For the data below, retype word for word the lines from the one containing "- Min. wymiary działki 18.88x22.86 m" through the one containing "27 21 010 Replacing"; drop the pictures.
Top of Excerpted records
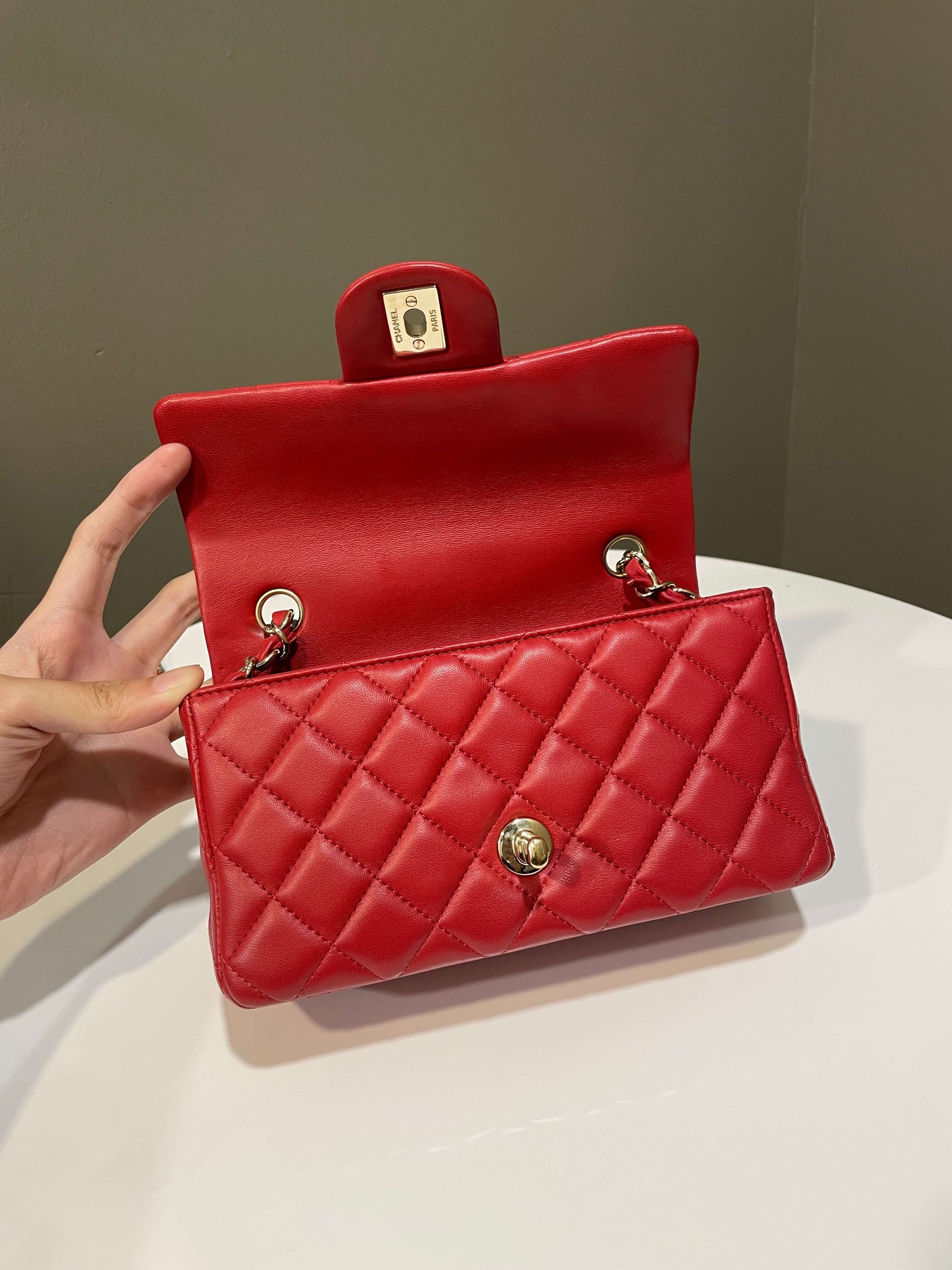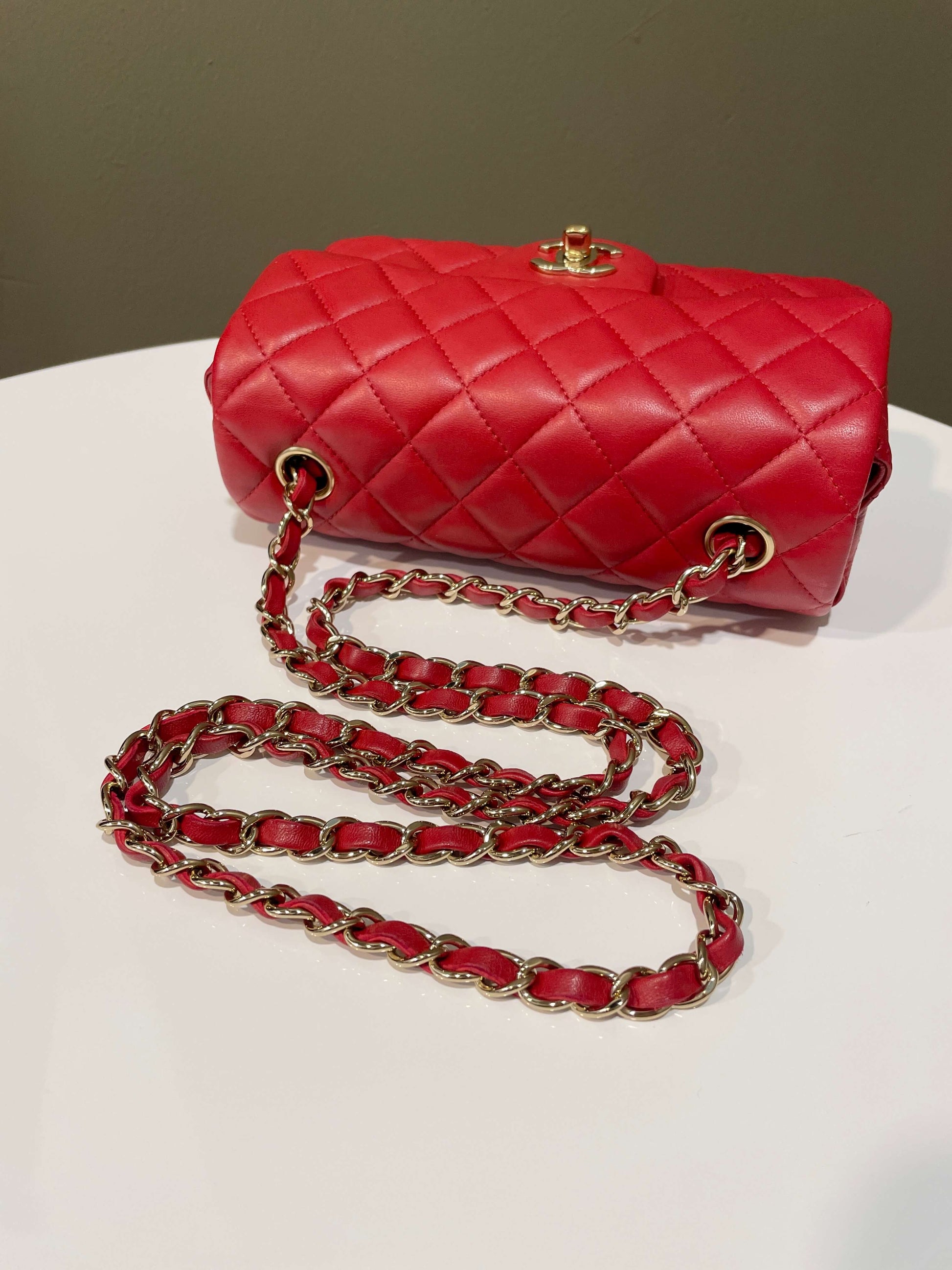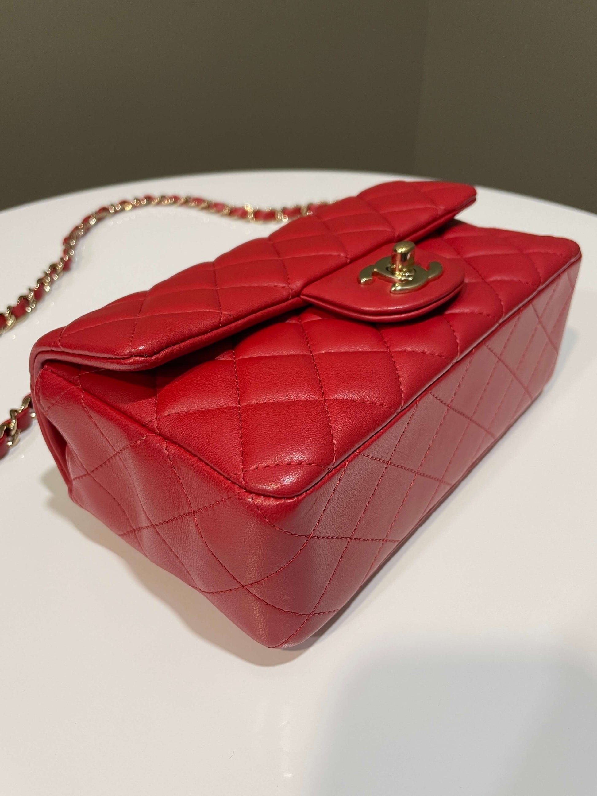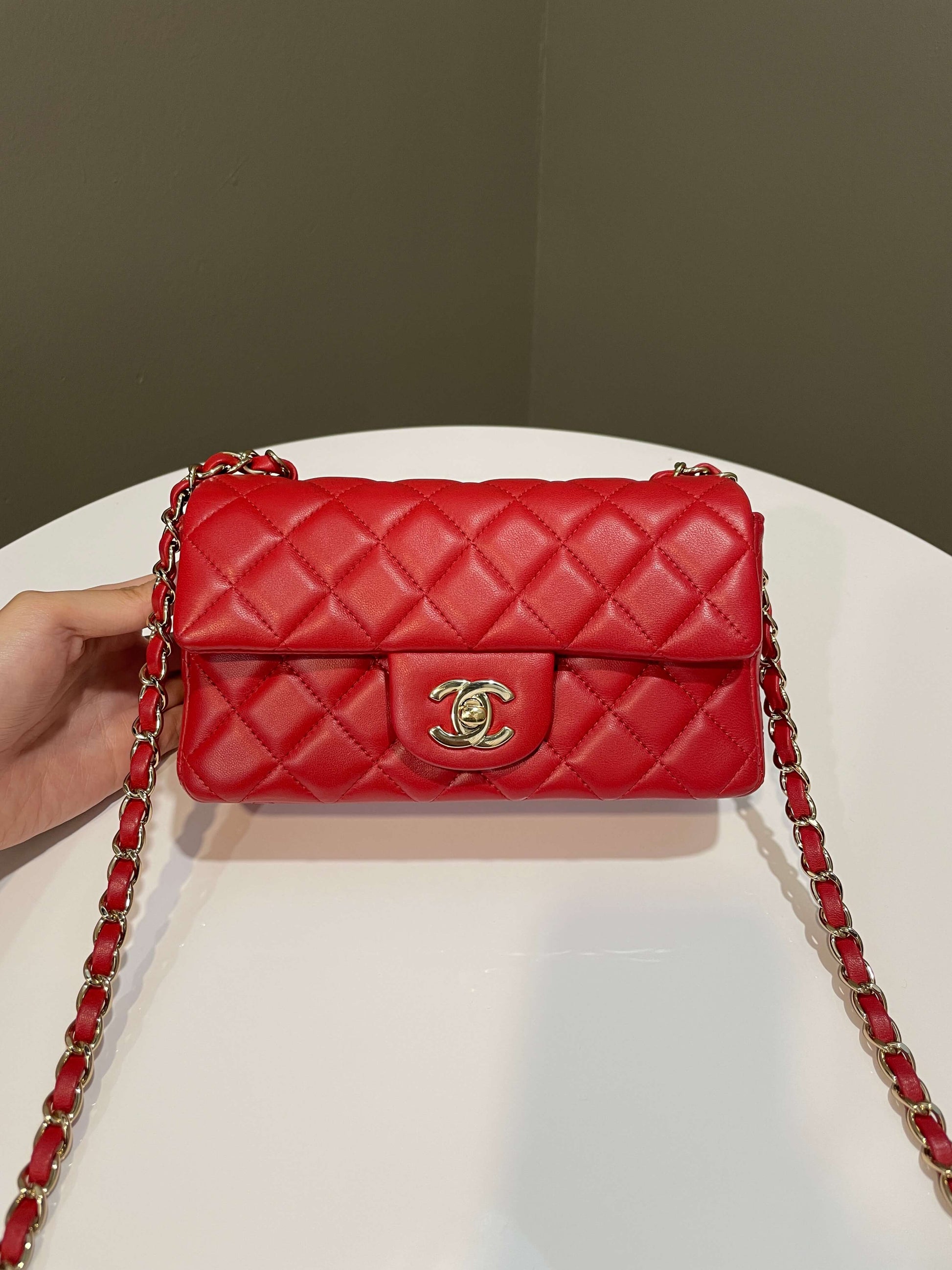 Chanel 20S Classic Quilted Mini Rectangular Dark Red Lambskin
Bottom of Excerpted records
Top of Excerpted records
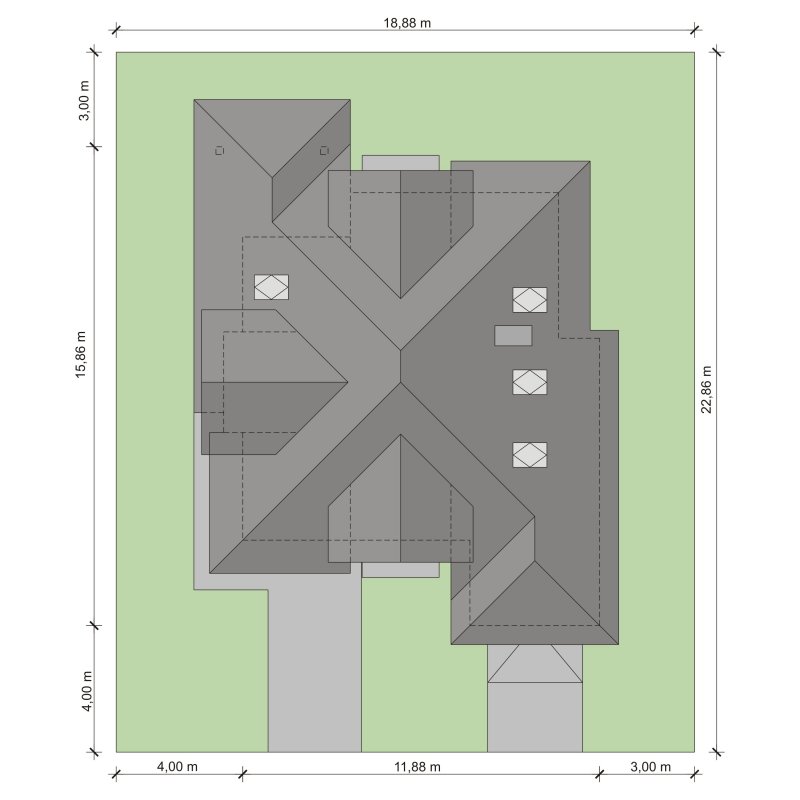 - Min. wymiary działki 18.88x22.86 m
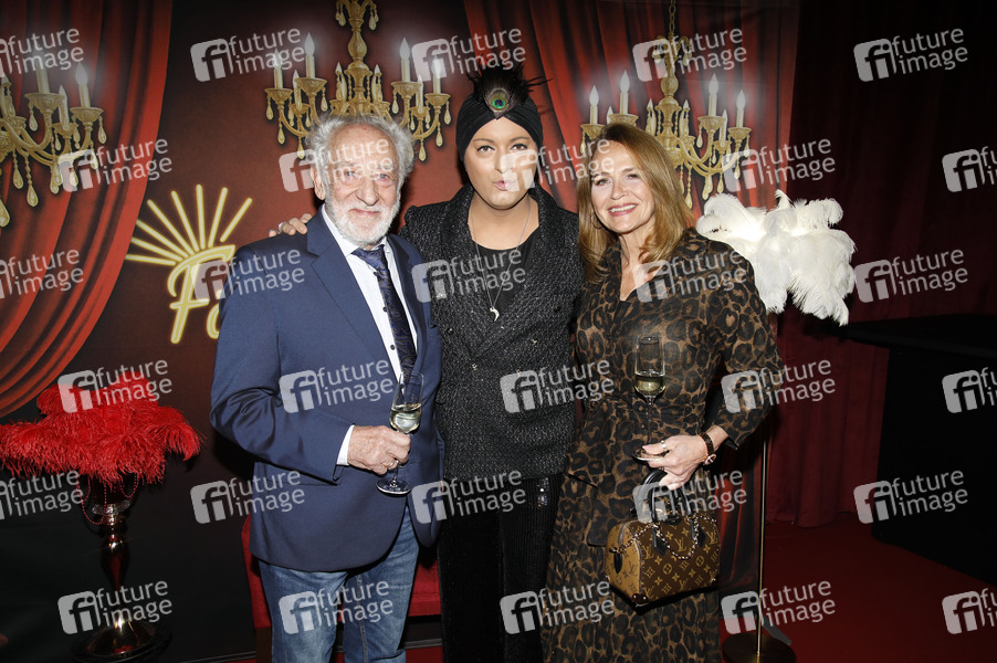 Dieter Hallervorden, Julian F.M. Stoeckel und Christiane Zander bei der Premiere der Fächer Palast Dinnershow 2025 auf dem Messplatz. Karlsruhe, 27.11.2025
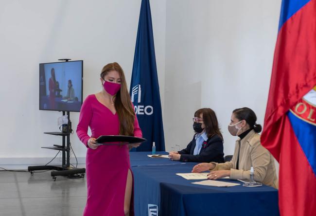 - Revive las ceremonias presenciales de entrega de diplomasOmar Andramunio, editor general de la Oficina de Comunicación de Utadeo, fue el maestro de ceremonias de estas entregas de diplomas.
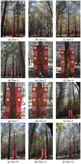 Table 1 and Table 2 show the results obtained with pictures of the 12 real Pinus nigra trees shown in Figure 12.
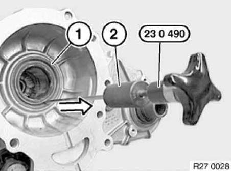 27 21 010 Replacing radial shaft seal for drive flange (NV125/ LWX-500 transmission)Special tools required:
Bottom of Excerpted records
Top of Excerpted records
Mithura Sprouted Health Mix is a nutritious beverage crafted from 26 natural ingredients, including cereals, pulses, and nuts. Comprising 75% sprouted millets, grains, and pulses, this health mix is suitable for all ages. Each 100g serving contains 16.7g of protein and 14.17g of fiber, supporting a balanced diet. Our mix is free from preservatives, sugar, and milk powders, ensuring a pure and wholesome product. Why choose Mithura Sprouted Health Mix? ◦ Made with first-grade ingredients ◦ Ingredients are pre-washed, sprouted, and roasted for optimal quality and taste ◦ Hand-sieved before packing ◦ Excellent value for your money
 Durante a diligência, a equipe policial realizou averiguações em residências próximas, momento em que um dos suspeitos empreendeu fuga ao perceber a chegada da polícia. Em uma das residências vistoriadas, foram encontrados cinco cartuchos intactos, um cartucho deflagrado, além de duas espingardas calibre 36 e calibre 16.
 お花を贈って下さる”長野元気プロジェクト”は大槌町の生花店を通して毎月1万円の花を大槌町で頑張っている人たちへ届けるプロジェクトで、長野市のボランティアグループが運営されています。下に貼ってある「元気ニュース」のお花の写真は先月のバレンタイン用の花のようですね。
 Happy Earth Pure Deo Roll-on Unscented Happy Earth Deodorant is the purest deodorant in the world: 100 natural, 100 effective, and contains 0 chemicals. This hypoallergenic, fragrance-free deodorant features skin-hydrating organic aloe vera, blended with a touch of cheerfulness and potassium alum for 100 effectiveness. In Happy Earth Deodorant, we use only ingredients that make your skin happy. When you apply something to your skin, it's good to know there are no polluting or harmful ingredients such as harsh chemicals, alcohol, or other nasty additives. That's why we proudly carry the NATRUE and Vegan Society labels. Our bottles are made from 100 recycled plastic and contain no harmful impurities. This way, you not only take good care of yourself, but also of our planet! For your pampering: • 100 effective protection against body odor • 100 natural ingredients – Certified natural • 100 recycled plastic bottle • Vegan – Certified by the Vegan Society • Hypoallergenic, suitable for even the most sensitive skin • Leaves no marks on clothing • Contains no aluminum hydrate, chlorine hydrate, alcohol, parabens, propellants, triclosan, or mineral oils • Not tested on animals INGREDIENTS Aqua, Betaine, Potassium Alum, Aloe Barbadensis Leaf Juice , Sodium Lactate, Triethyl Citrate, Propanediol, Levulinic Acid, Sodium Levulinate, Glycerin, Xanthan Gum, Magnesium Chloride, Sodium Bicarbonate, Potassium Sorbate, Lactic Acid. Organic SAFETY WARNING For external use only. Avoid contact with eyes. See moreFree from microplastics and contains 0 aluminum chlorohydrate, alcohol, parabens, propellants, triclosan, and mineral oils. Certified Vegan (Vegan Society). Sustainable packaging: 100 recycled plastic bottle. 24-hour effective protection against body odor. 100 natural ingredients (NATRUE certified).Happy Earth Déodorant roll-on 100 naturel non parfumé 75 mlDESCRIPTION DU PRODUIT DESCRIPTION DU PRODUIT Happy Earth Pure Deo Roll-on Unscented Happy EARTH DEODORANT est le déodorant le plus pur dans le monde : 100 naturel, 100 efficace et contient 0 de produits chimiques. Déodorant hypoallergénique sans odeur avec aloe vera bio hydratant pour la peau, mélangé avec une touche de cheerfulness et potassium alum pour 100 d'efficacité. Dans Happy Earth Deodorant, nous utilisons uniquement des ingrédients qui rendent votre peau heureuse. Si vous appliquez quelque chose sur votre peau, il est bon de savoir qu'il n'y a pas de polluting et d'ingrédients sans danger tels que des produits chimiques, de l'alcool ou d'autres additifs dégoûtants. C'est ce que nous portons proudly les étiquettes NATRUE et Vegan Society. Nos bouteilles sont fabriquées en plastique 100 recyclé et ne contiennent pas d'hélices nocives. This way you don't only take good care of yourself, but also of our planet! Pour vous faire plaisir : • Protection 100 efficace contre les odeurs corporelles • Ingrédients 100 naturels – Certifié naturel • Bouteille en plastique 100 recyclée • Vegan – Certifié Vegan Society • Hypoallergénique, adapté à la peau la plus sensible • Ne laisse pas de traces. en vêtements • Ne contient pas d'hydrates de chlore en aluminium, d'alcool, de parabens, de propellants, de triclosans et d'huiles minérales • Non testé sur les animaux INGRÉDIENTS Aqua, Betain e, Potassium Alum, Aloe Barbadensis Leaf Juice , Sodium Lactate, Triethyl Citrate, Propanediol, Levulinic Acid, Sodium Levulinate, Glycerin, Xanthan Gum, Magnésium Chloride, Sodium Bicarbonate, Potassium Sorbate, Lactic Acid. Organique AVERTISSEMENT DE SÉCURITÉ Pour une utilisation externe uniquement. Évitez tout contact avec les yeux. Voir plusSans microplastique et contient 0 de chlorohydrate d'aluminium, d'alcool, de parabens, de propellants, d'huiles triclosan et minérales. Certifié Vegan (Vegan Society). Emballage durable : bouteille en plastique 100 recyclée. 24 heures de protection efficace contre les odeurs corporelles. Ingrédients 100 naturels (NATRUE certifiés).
Bottom of Excerpted records
### Solution for this problem
 - Min. wymiary działki 18.88x22.86 m
 Dieter Hallervorden, Julian F.M. Stoeckel und Christiane Zander bei der Premiere der Fächer Palast Dinnershow 2025 auf dem Messplatz. Karlsruhe, 27.11.2025
 - Revive las ceremonias presenciales de entrega de diplomasOmar Andramunio, editor general de la Oficina de Comunicación de Utadeo, fue el maestro de ceremonias de estas entregas de diplomas.
 Table 1 and Table 2 show the results obtained with pictures of the 12 real Pinus nigra trees shown in Figure 12.
 27 21 010 Replacing radial shaft seal for drive flange (NV125/ LWX-500 transmission)Special tools required:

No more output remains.